Mexican American Art Since 1848 (MAAS1848) remains one component of the larger initiative, Rhizomes: Mexican American Art Since 1848. The Rhizomes Initiative has four parts:

  1. the portal,
  2. a book series,
  3. K-16 curriculum, and
  4. an institutional map to visualize and identify relevant collections across the nation.

In the first half of 2022, the MAAS1848 and Rhizomes project secured nearly $600,000 in combined support from three organizations: the National Endowment for the Humanities (NEH) Humanities Collections and Reference Resources Implementation grant, the Mellon Foundation, and the American Council of Learned Societies (ACLS) Digital Justice Development grant.

This portal to aid the discovery of decolonized artworks and art history has established its roots and now can grow even more, with the help of librarians and diviners of metadata, to serve scholars and communities.

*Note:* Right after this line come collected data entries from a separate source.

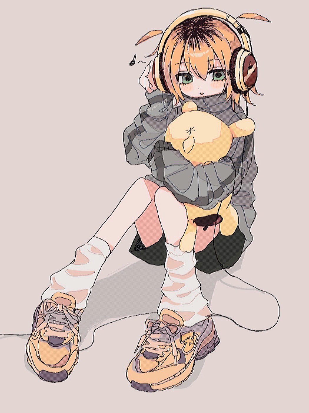 1girl full_body green_eyes grey_jacket hand_up headphones highres hugging_object jacket loose_socks nou4_777 orange_hair orange_shoes original parted_lips shadow shoes short_hair simple_background sneakers socks solo stuffed_animal stuffed_toy track_jacket white_socks wire
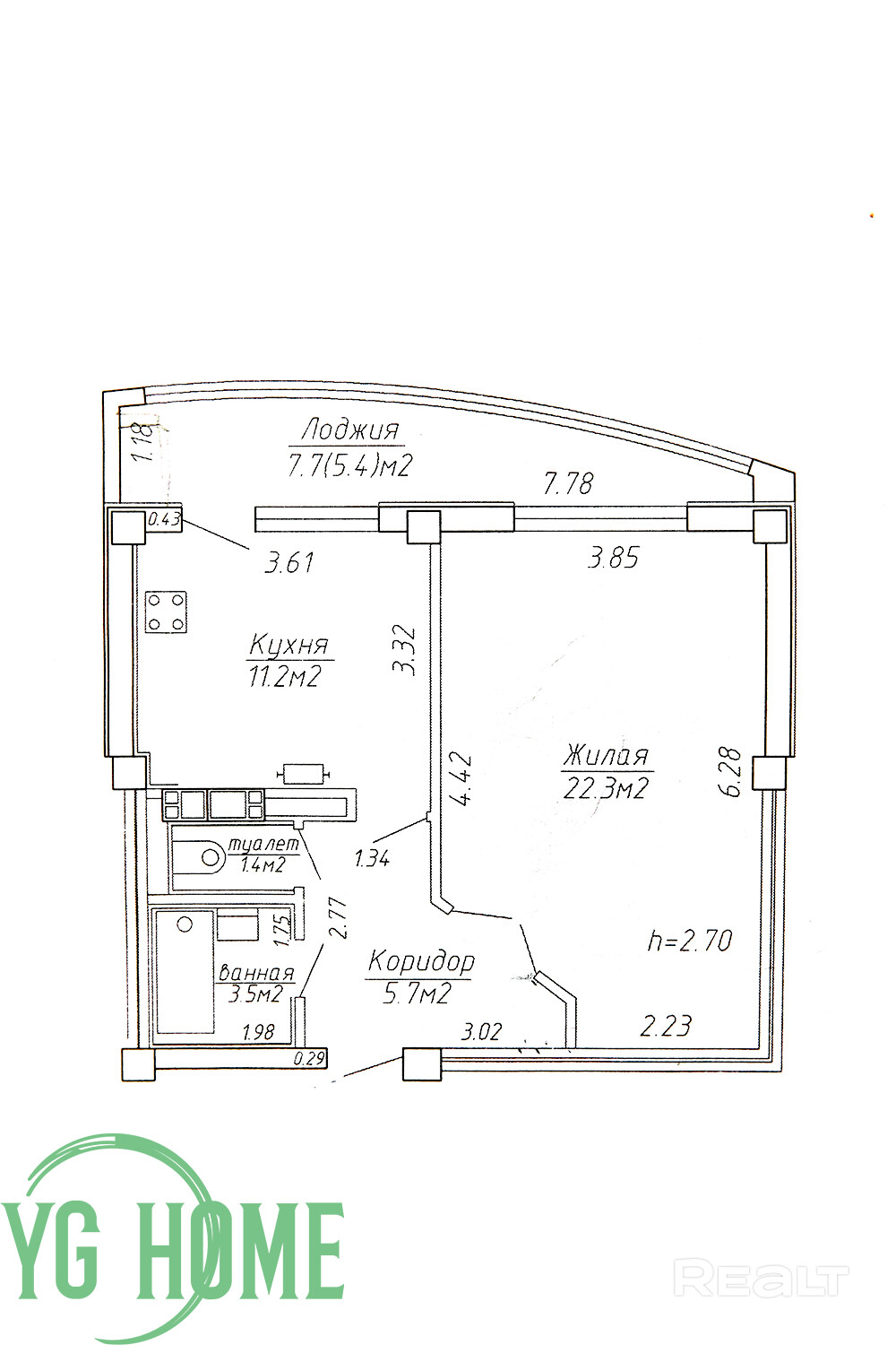 Общая площадь квартиры по СНБ – 49.5 кв.м., общая площадь – 44.1 кв.м., жилая площадь – 22.3 кв.м., кухня – 11.2 кв.м. с выходом на лоджию, высота потолков - 2.70 м. На этаже три квартиры, подъезд аккуратный, жильцы уважаемые и доброжелательные. Товарищество собственников на 5 домов.
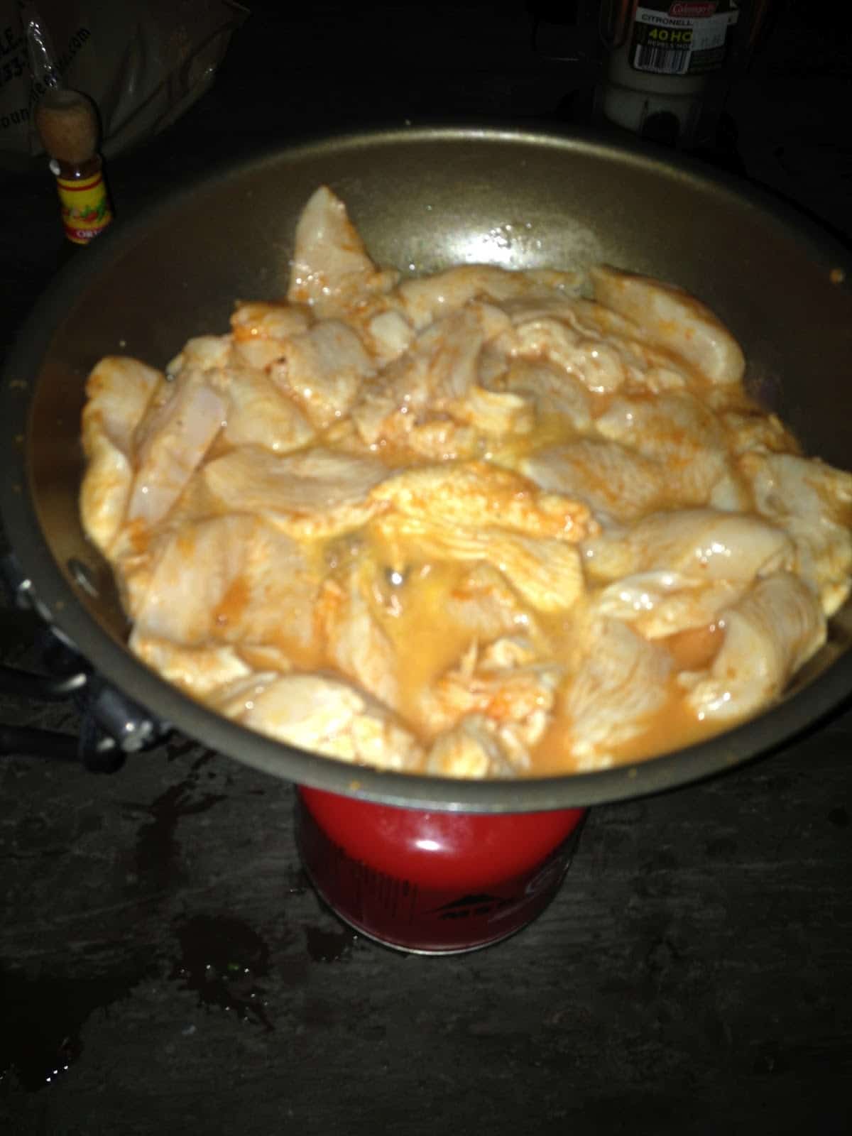 - Place your vegetables in a pan over your camp stove with a little salt. Saute until they are tender, about ten minutes. (If they are cooking too slowly, add a couple tablespoons of water and cover the pan with tin foil.) When the vegetables are cooked, place them on a plate/bowl and cover tightly with tinfoil while you cook your chicken.
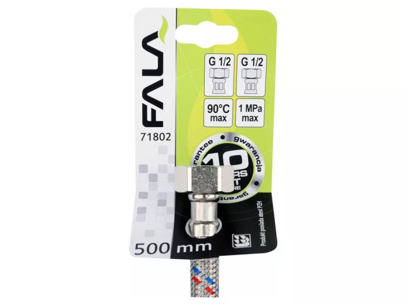 Flexibilná pripojovacia hadica s opletením z nehrdzavejúcej ocele. Vhodná na teplú a studenú vodu. Schválená Štátnym hygienickým ústavom na styk s pitnou vodou. Dĺžka 500 mm. Maximálny tlak 1 MPa. Maximálna teplota 90 C. Priemerný prietok 32 l/min. Vnútorný priemer 8 mm a vonkajší priemer 12 mm. Pripojovacie závity: vnútorný 1/2" x vnútorný 1/2". Gumová hadica EPDM, poniklované mosadzné prípojky, gumové tesnenie EPDM. Je určená na pripojenie WC splachovačov alebo ventilov.
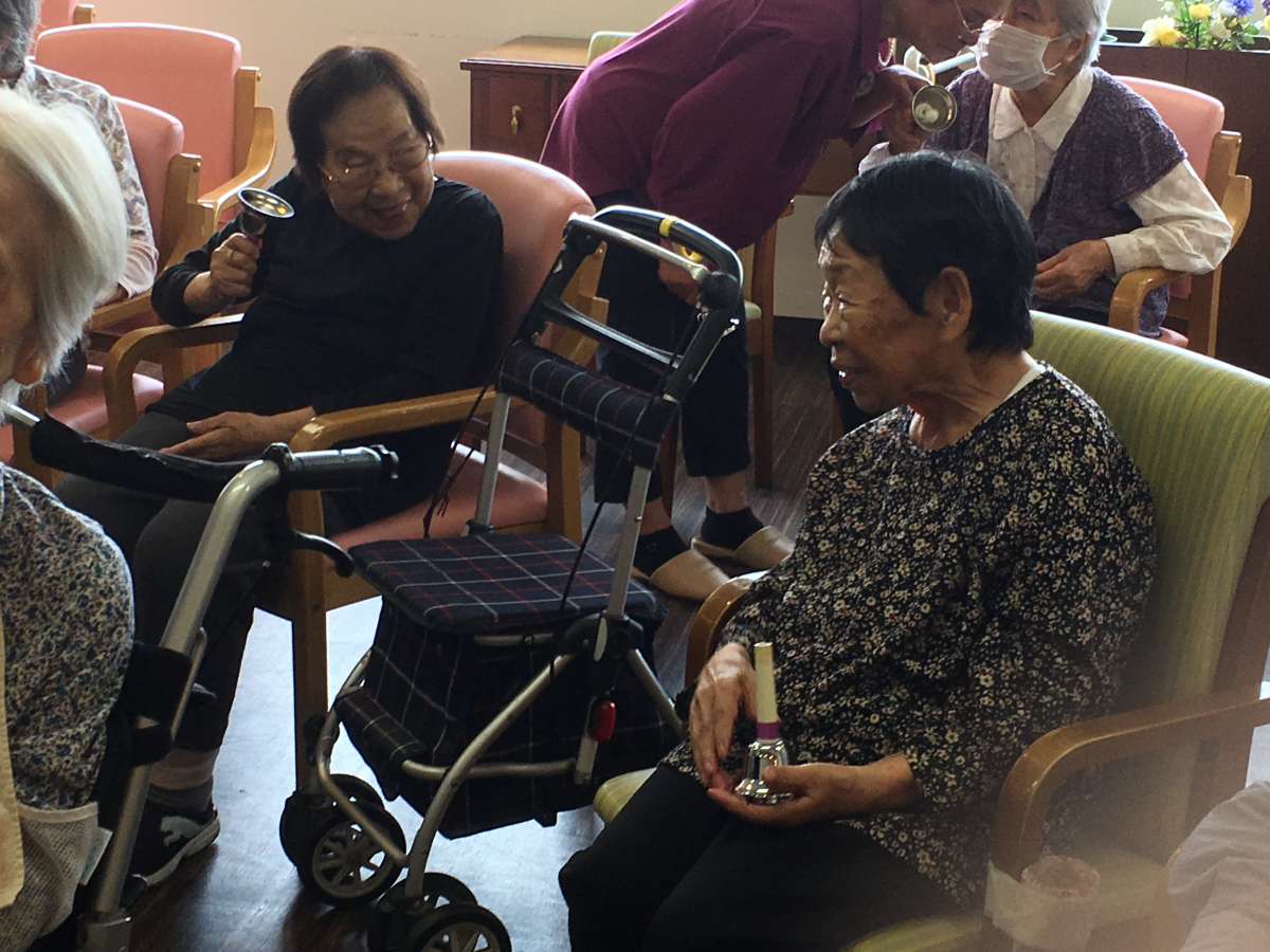 あるご家族様のご厚意により今回の「ハンドベル演奏会」が開催されたのですが、すこや家・北新横浜がオープンして11年・・落語・フラダンス・紙芝居など色々なボランティア様による訪問がありながら、ハンドベルだけは未開催。という事で、北新横浜”初”ハンドベル演奏会が開催されたのでした!普段はレクリエーションにはあまりご参加されないご利用者様も今回は参加され(やはり女性の参加者が大半でした)「見上げてごらん夜の星を」「水戸黄門」などなじみの深い音楽を演奏していただきました♪最後にご利用者様もハンドベルを一緒に鳴らし、心地よい音色が施設全体に響き渡るのでした!
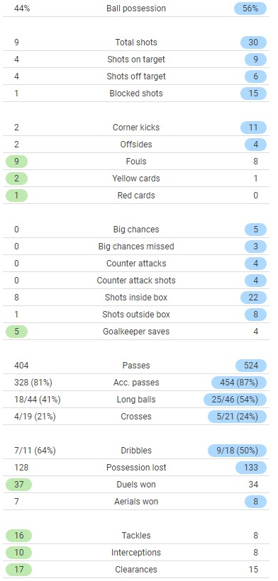 Full time post match stats LUFC 0-3 LFC for comparison
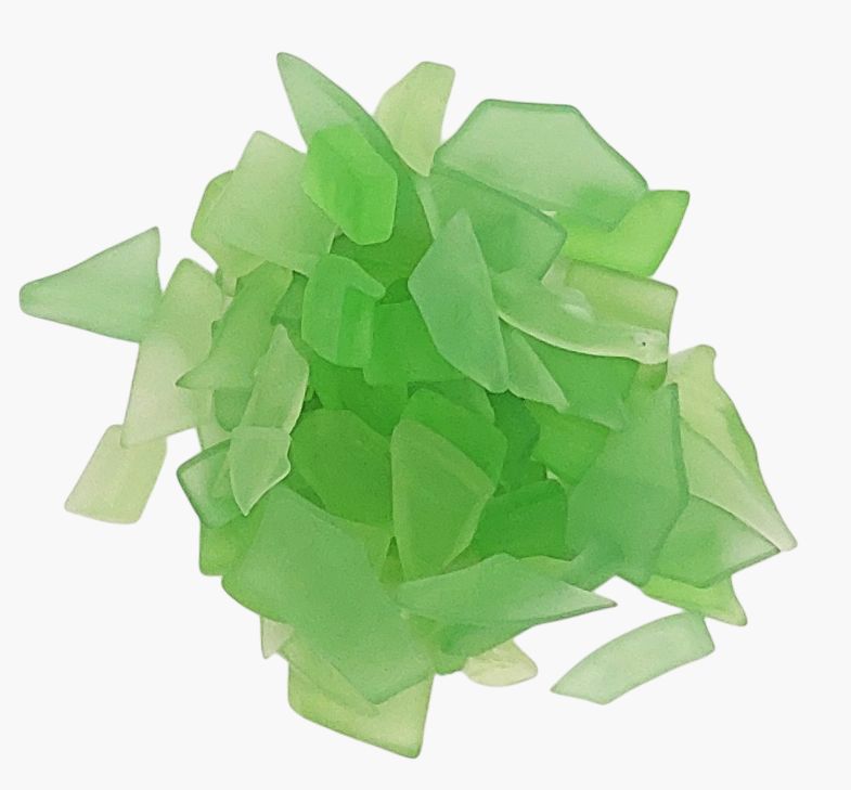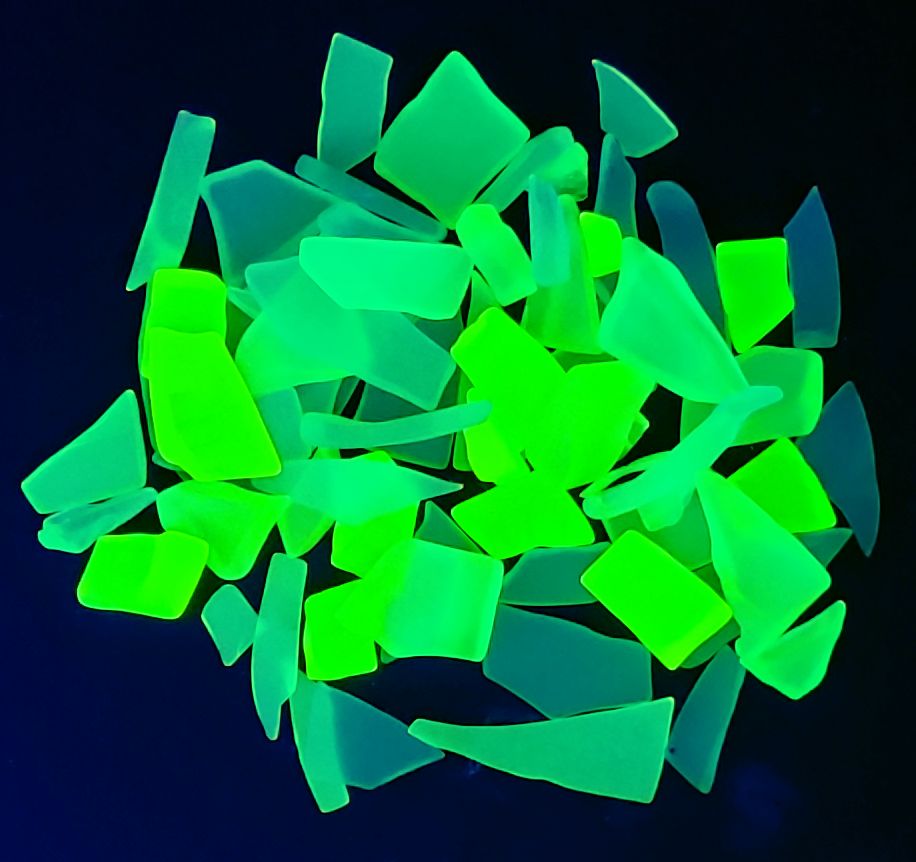 ¼ pound of real uranium glass chunks. These are typically from our regular vintage items that have met with unfortunate accidents either transporting or displaying them ("Gravity, thou art a heartless bitch.") Rather than wait for Mother Nature to do the job of smoothing those sharp edges, we toss 'em in a rock tumbler for a week to get the same finish.
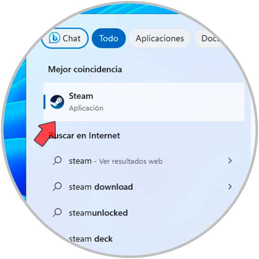 Para esto en el buscador ingresamos “steam”, en el resultado damos clic en Ejecutar como administrador”:
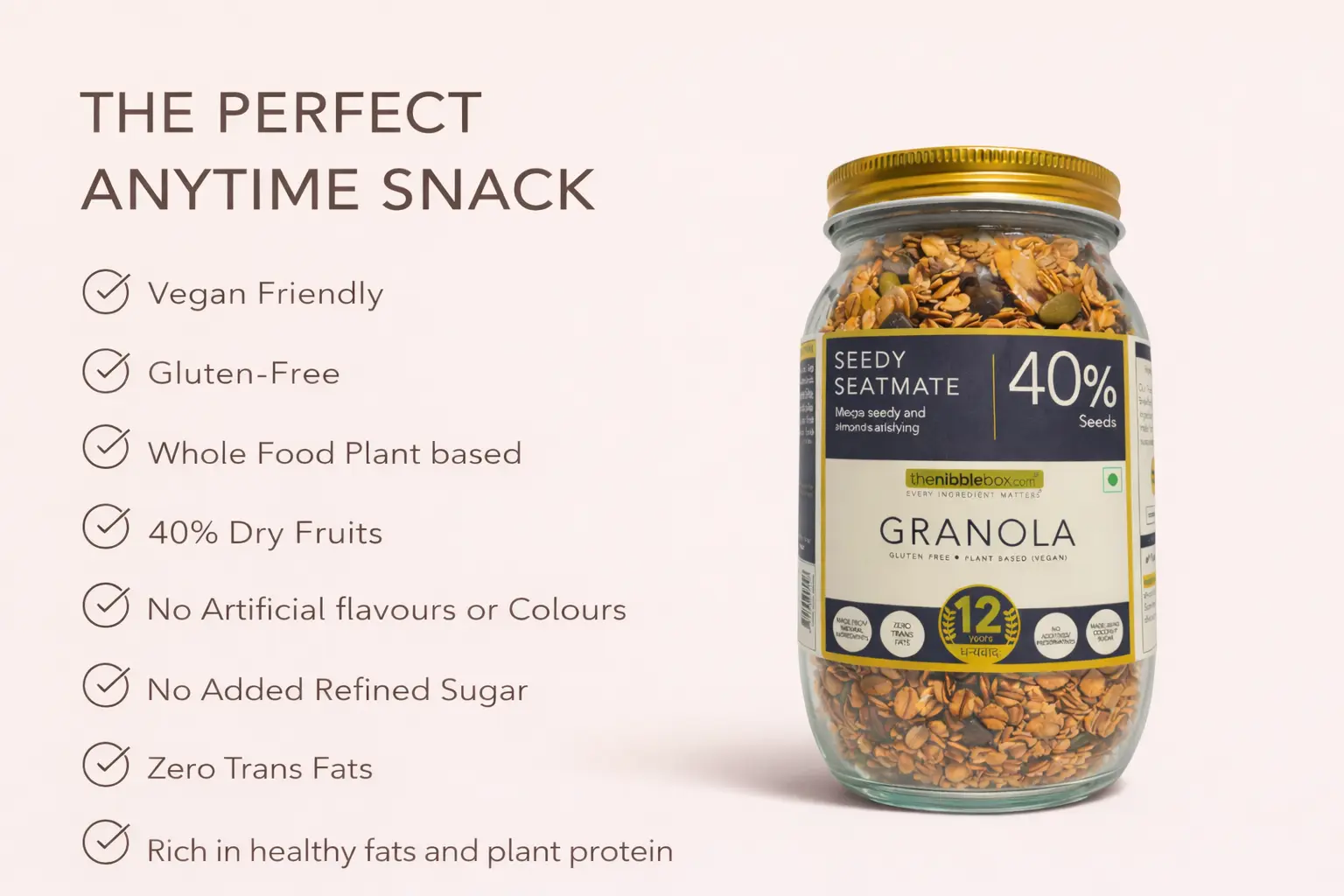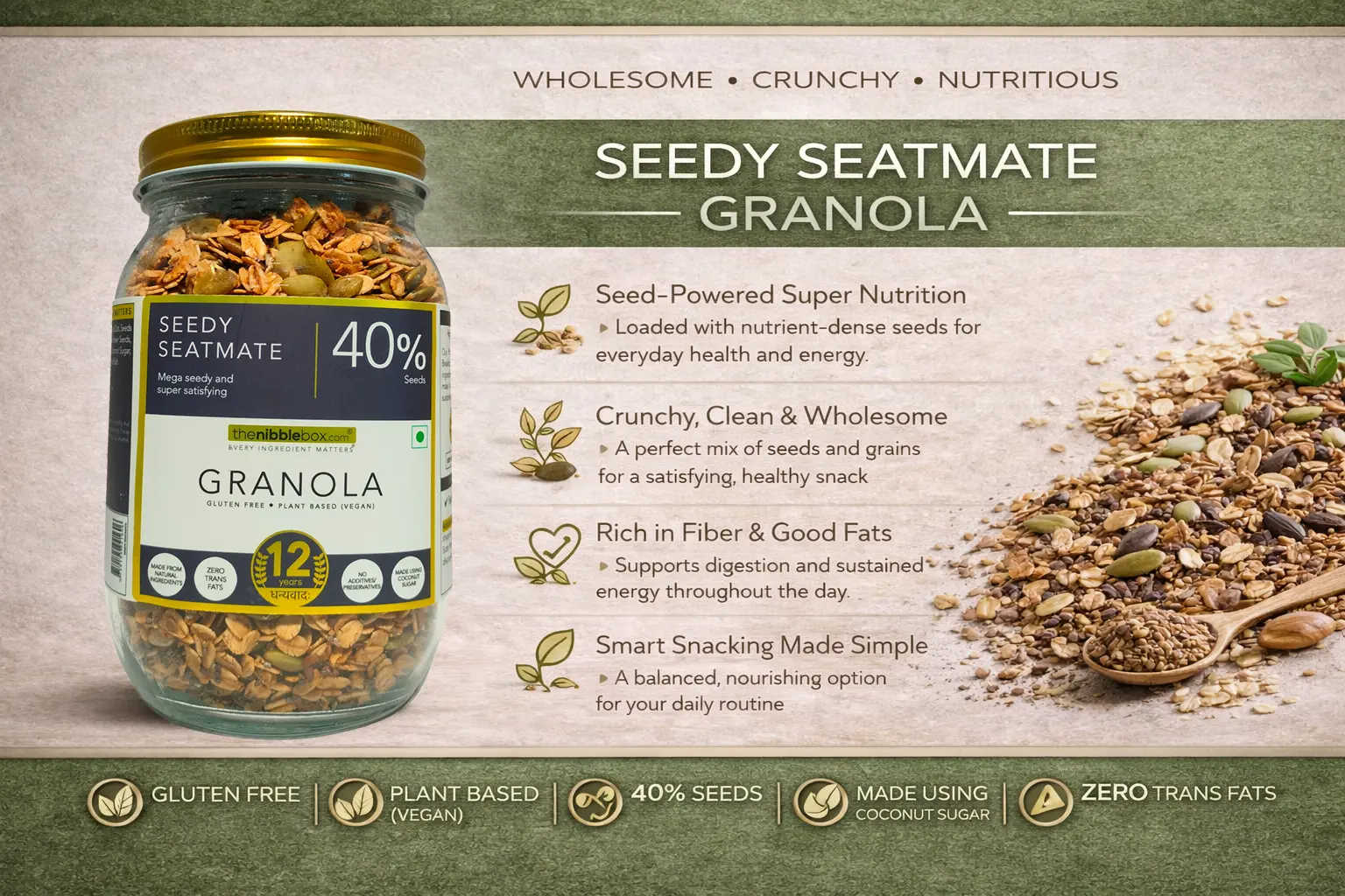 Seedy Seatmate Granola by The Nibble Box is a wholesome, crunchy, and nutrient-dense granola crafted with a powerful blend of premium seeds and whole grains. Packed with 40% nutrient-rich seeds, this granola delivers a perfect balance of taste, texture, and everyday nutrition.
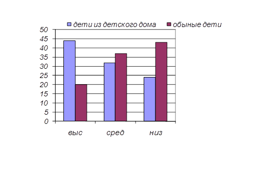 Рисунок 7 - Процентное соотношение общего уровня агрессивности Мы видим, что существуют различия в уровнях агрессивности. А именно, у детей из детского дома, агрессивность выражена больше, чем у обычных школьников. Т.е учащиеся из детских домов, отличаются склонностью к соперничеству, напористостью, желанием превзойти других, раздражительностью, неадекватным самоконтролем. Об этом можно судить и по ответам самих детей, при проведении обследования, я заметила, что ответы детей из детского дома, качественно отличаются от ответов обычных школьников, а именно: ответы неконкретные, неточные, с употреблением нецензурных выражений, агрессивностью по отношению к экспериментатору. При обработке полученных данных с помощью методов математической статистики я выявила, что данные агрессивности различаются на достоверном уровне.
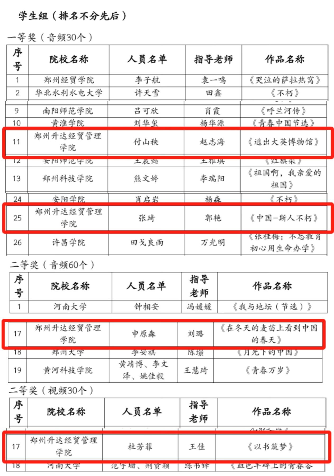 近日,由河南省教育厅高等教育处、河南省高校图书情报工作委员会、“学习强国”河南学习平台主办的第六届河南省高校“赓续华夏文脉·唱响时代新篇”主题诵读大赛获奖名单公布,我校在本次大赛中荣获多项奖项。
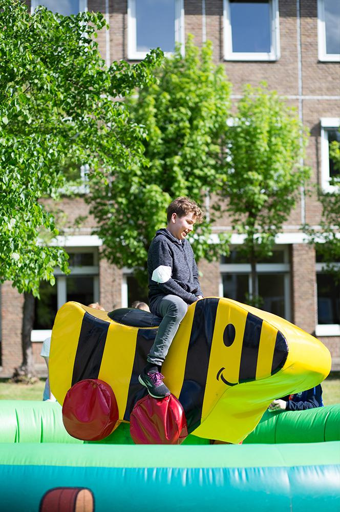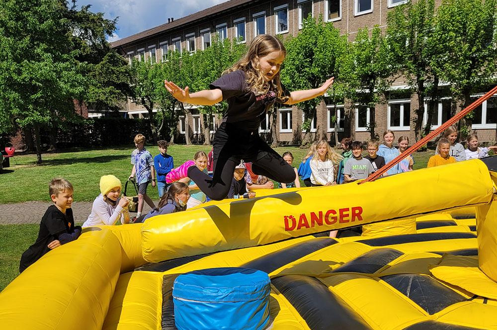 Am Donnerstag, den 12. Mai, fand an der Loburg kein Unterricht statt. Auf dem Gelände der Schule waren am Vortag insgesamt 20 Attraktionen aufgebaut worden, an denen die Schüler*innen des Gymnasium Johanneum in Ostbevern in 32, nach dem Zufallsprinzip gemischten Gruppen ihre vielfältigen Fähigkeiten unter Beweis stellen konnten.

U of M resources for further research into marginalized communities

  • Umbra Search features African American contributions to arts, humanities, and history. Currently, this U of M Libraries–hosted portal has 824,539 items from more than 1,000 U.S. archives, libraries, and museums. See also the U of M Libraries Research Guide.
  • The Ojibwe People’s Dictionary (online), results from collaboration with the U of M American Indian Studies Department, the U of M Libraries, and the Minnesota Historical Society. See also the U of M’s Library Research Guide on Native peoples.
  • See the U of M Library Resource Guide on Asian Americans. Also available from Bloomsbury / ABC-CLIO, The Asian American Experience provides a platform for academic research and scholarship on one of the fastest growing demographic groups in the United States. With scholarly essays, primary sources, and comprehensive reference articles, this unique digital resource brings depth and breadth of coverage to topics of critical interest to cultural and ethnic studies researchers.
  • There exist Library Research Guides curated by U of M Librarians on a great variety of topics. Members of the U of M community also can access music from around the globe via Naxos Music Library.

We got in touch with Karen Mary Davalos because the period from Sept. 15 to Oct. 15 is designated National Hispanic Heritage Month, celebrating generations of Hispanic Americans through activities at the Library of Congress, the National Archives, the National Endowment for the Humanities, the National Gallery of Art, the National Park Service, Smithsonian Institution, and the U.S. Holocaust Memorial Museum, among other institutions.

Yet, in conversation with Davalos and recognizing the opinions of her fellow scholar Arlene Dávila, we recognize that every month, every week, every day, should be an opportunity to celebrate the wonderful diversity that makes up American society: people whose heritage is Hispanic, Chicana/o, Latinx, as well as those who belong to Indigenous nations, Black people, people of South Asian heritage, Asian-Americans from many regions, and others who cherish or recognize an identity different from the dominant culture.

It’s a conundrum: To ignore the commemoration might appear insensitive while acknowledging BIPOC sources only once a year would appear shallow.

Attempts to expand coverage to all identities could be seen as analogous to health equity research, as explained by a Yale Medicine article during the depth of the COVID pandemic. “Community engagement, representation and inclusion in clinical trial data, plus asking different kinds of questions, are all key to advancing health equity research. … Yale experts discuss how health equity research has the power to ‘make the invisible visible,’ says Dr. [Marcella] Nunez-Smith,” leader of the Health Equity Task force for the Biden Administration.